Once you are confident that the new table is working as expected, you can update the references to the new table and delete the old table.
export class MyExample extends Stack {
constructor(scope: Construct, id: string, props?: StackProps) {
super(scope, id, props);
// create a separate table with the new configuration and import the data from the old table
const myNewTable = new Table(this, "MyNewTable", {
partitionKey: { name: "UUID", type: AttributeType.STRING },
billingMode: BillingMode.PAY_PER_REQUEST,
tableName: "MyNewTable",
removalPolicy: RemovalPolicy.RETAIN,
deletionProtection: true,
pointInTimeRecovery: true,
timeToLiveAttribute: "ExpiresAt",
importSource: {
bucket: Bucket.fromBucketName(this, "ImportSourceBucket", "MyTableBackupBucket"),
inputFormat: InputFormat.dynamoDBJson()
}
});
// create the Lambda function
const consumer = new NodejsFunction(this, "MyFunction", {
functionName: "HelloWorld",
entry: `functions/helloWorld.ts`,
handler: `handler`,
runtime: Runtime.NODEJS_20_X,
architecture: Architecture.ARM_64,
bundling: {
minify: true,
},
logGroup: new LogGroup(this, `HelloWorldLogGroup`, {
retention: RetentionDays.ONE_WEEK,
logGroupName: `/aws/lambda/example/hello-world`,
}),
loggingFormat: LoggingFormat.JSON,
applicationLogLevelV2: ApplicationLogLevel.INFO,
});
// grant the Lambda function read/write access to the table
myTable.grantReadWriteData(myNewTable);
}
}Deploy once again the changes using
cdk deployThat’s it.

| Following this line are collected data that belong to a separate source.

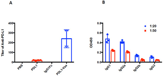 ELISA plates were coated with recombinant PD-L1 proteins (5 μg/mL) overnight at 4 °C. The PD-L1-coated plates were added with serial dilutions of sera and incubated for 1 h at room temperature. After extensive washes, the plates were added with biotinylated anti-mouse antibodies (anti-mouse IgG, IgG1, IgG2a, IgG2b, or IgG3) (Sigma-Aldrich, St. Louis, MO, USA) and incubated for 1 h at room temperature. Streptavidin-HRP was used to detect ELISA reactions. Optical densities (OD) were read at 450 nm on a BioAssay Reader (PerkinElmer, Wellesley, CA, USA). The titers are expressed as reciprocal endpoint dilutions that reach ≥2-fold OD450 values of control mouse sera.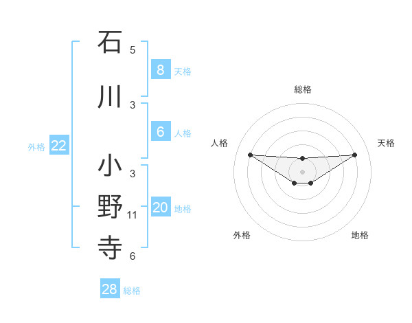 石川 小野寺さんの総格は28画の1点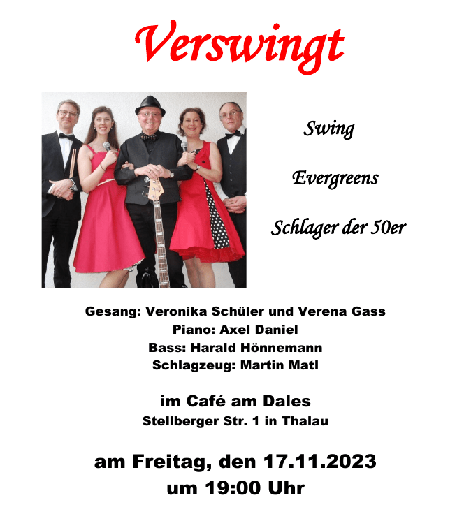 Wir freuen uns “Verswingt” wieder im Café am Dales begrüßen zu können.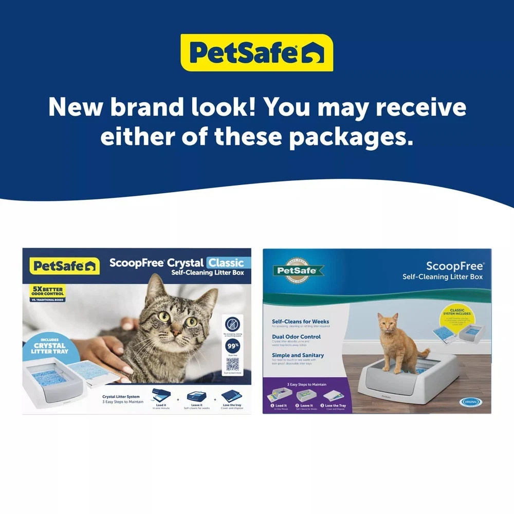 PetSafe ScoopFree Crystal Classic Automatic Self-Cleaning Cat Litter Box System DESCRIPTION Strike scooping the litter box off your to-do list. With the ScoopFree Crystal Classic Self-Cleaning Litter Box, there's no scooping, cleaning or refilling your cat's litter box for weeks. This litter box uses crystal litter which provides 5 times better odor control than traditional clumping litter. Crystal litter absorbs urine and dehydrates solid waste. This low-tracking litter also helps keep your floors clean because it is 99% dust free and doesn't stick to your cat's paws. Safety sensors make sure that the scooping cycle only occurs when your cat is out of the box. The disposable trays have a plastic lining to help protect against leaking, and each tray comes with a lid for quick and easy disposal--simply remove the tray and throw it away. Features: Let the Box Do the Work - No scooping, cleaning or refilling your cat's litter box for weeks Unbeatable Odor Control - Crystal litter removes smell by absorbing urine and dehydrating solid waste Includes one disposable ScoopFree Crystal litter tray with crystal litter No More Messy Floors - Low-tracking crystals are 99% dust free and don't stick to your cat's paws Leak Protection - Disposable trays have a plastic lining to help protect against leaking and keep your floors clean Easy Cleanup - Simply remove the tray and throw it away; each tray includes a lid for quick disposal Includes: Crystal Litter, Disposable Litter Tray, Operation Guide Intended Pet: Cat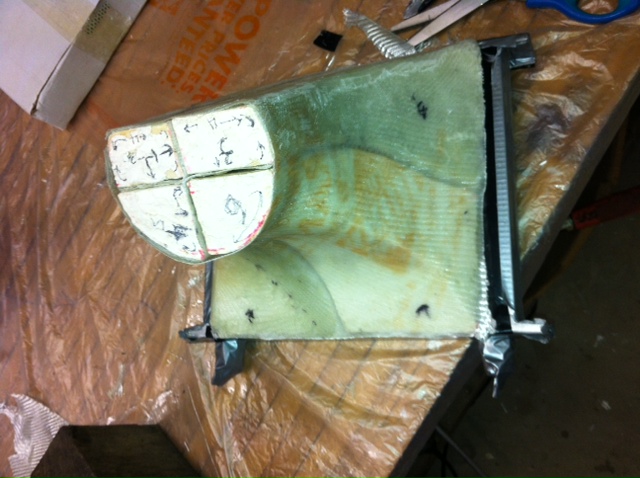 Reassembled duct in rough trim, sitting on the oil cooler. Next step: glassing transitions so it can be attached to the cooler. I'm really impressed by you masochists who manage to build an entire airplane out of this stuff.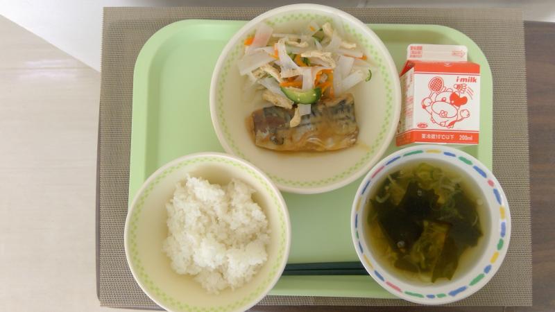 ごはん さばの味噌煮 大根なます すまし汁 牛乳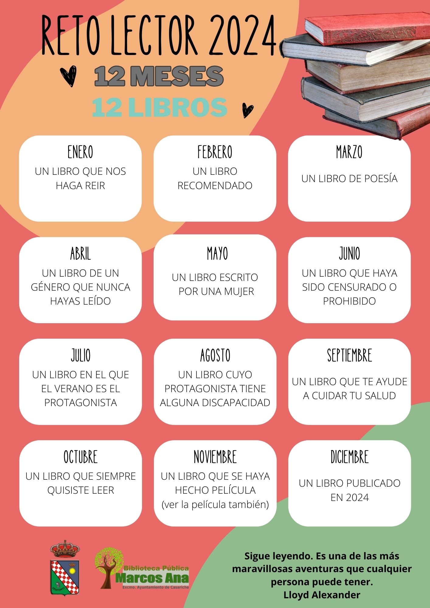 Como cada nuevo año, desde este mes está en marcha en la Biblioteca Municipal ‘Marcos Ana’ el ‘Reto lector 2024’, una iniciativa de fomento a la lectura que consiste en dar cumplimiento a la lectura de 12 libros durante un año, teniendo en cuenta que los libros seleccionados deben cumplir una serie de requisitos.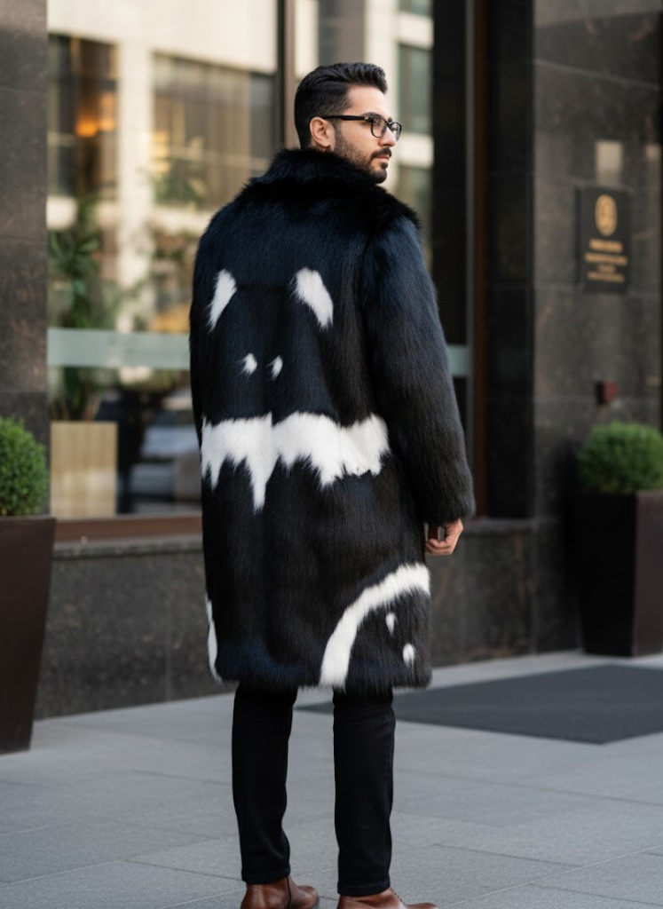 מעיל פרווה בעיצוב קונטרסטי לגברים
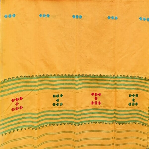 1100 Set Description : The Masraj Mekhela Chadar Is A Traditional Two-piece Attire Worn By Women In Assam, India. The Mekhela, A Cylindrical Skirt, Drapes From The Waist Down, Typically With A Few Pleats Tucked In At The Right Side. The Chador, The Upper Part, Is A Long Fabric Draped Around The Upper Body And Tucked Into The Mekhela, Similar To A Saree Pallu. It Is Crafted From Masraj (mashru) Silk, A Hand-woven Blend Of Silk And Cotton Known For Its Smooth, Shiny Silk Surface And Breathable Cotton Underside. These Garments Are Renowned For Their Intricate, Hand-woven Ornamental Designs Featuring Floral, Animal, Or Geometrical Motifs, Reflecting Assamese Culture And Nature. Masraj Mekhela Chadors Are Worn For Various Occasions, From Daily Wear To Formal Events, Symbolizing The Rich Cultural Heritage And Skilled Weaving Traditions Of Assam And Gujarats Kutch Region, Where Mashru Silk Originates. Location : Assam, India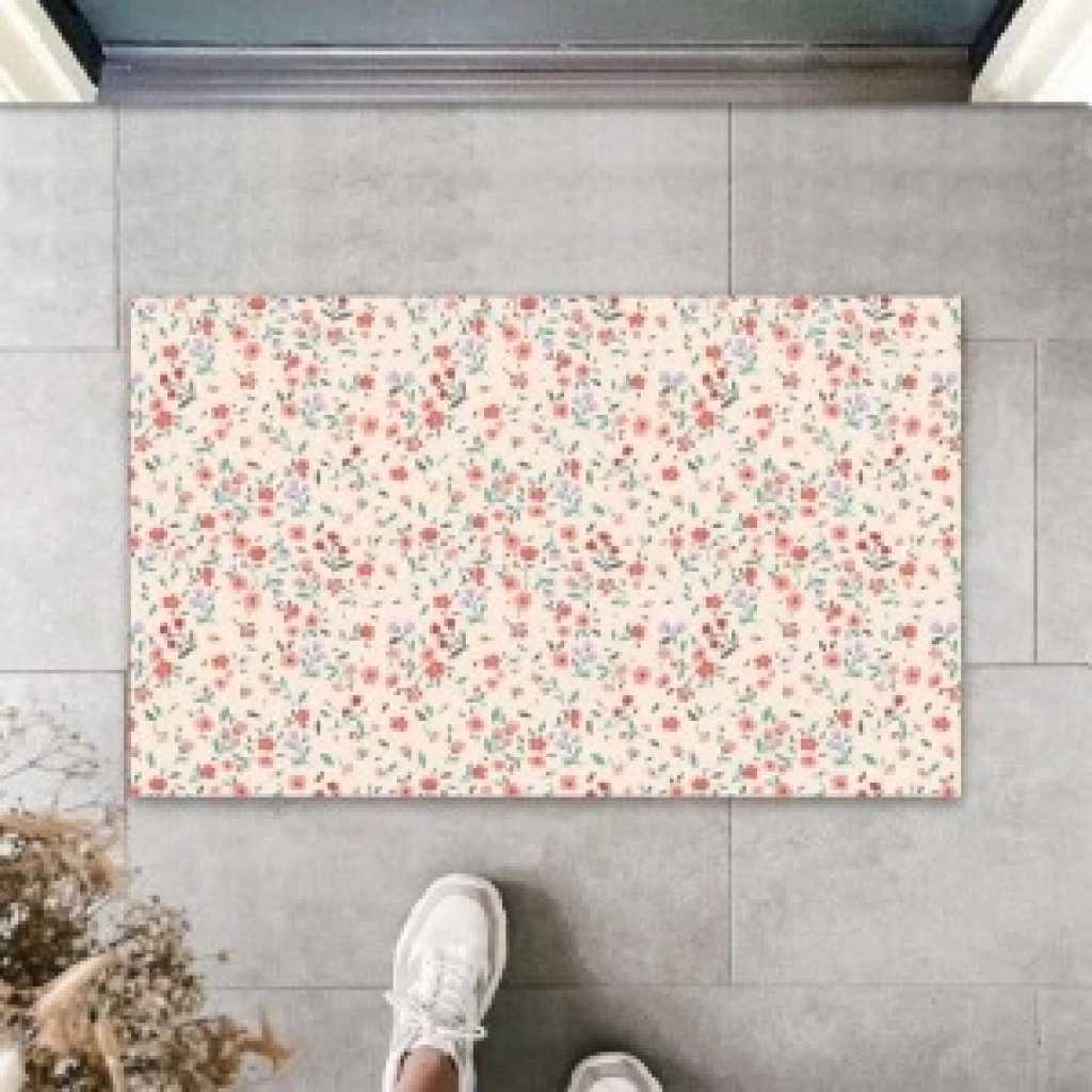 Dijital Baskı Pembe Küçük Çiçek Kapı Paspası K-3101

You have successfully migrated your DynamoDB table. Mind that the example sets the removal policy to RETAIN. This means the table will not be deleted when the stack is deleted. You can now delete the old table manually via the webconsole or the aws-cli. If you specified a more destructive removal policy, the table may already be deleted when you deployed the latest changeset.
The new table specifies the “importSource” configuration to import the data from the S3 bucket. Changes to that configuration will not trigger a replacement of the table, although the “importSource” configuration is only used during the table creation.
Feel free to reach out if you have any questions or feedback.
[1] According the official docs it is recommended to let Cloudformation name your resources and put a custom name into resource tags. However, reality is that, including myself, people tend to name things because the webconsole looks better with a human-readable name.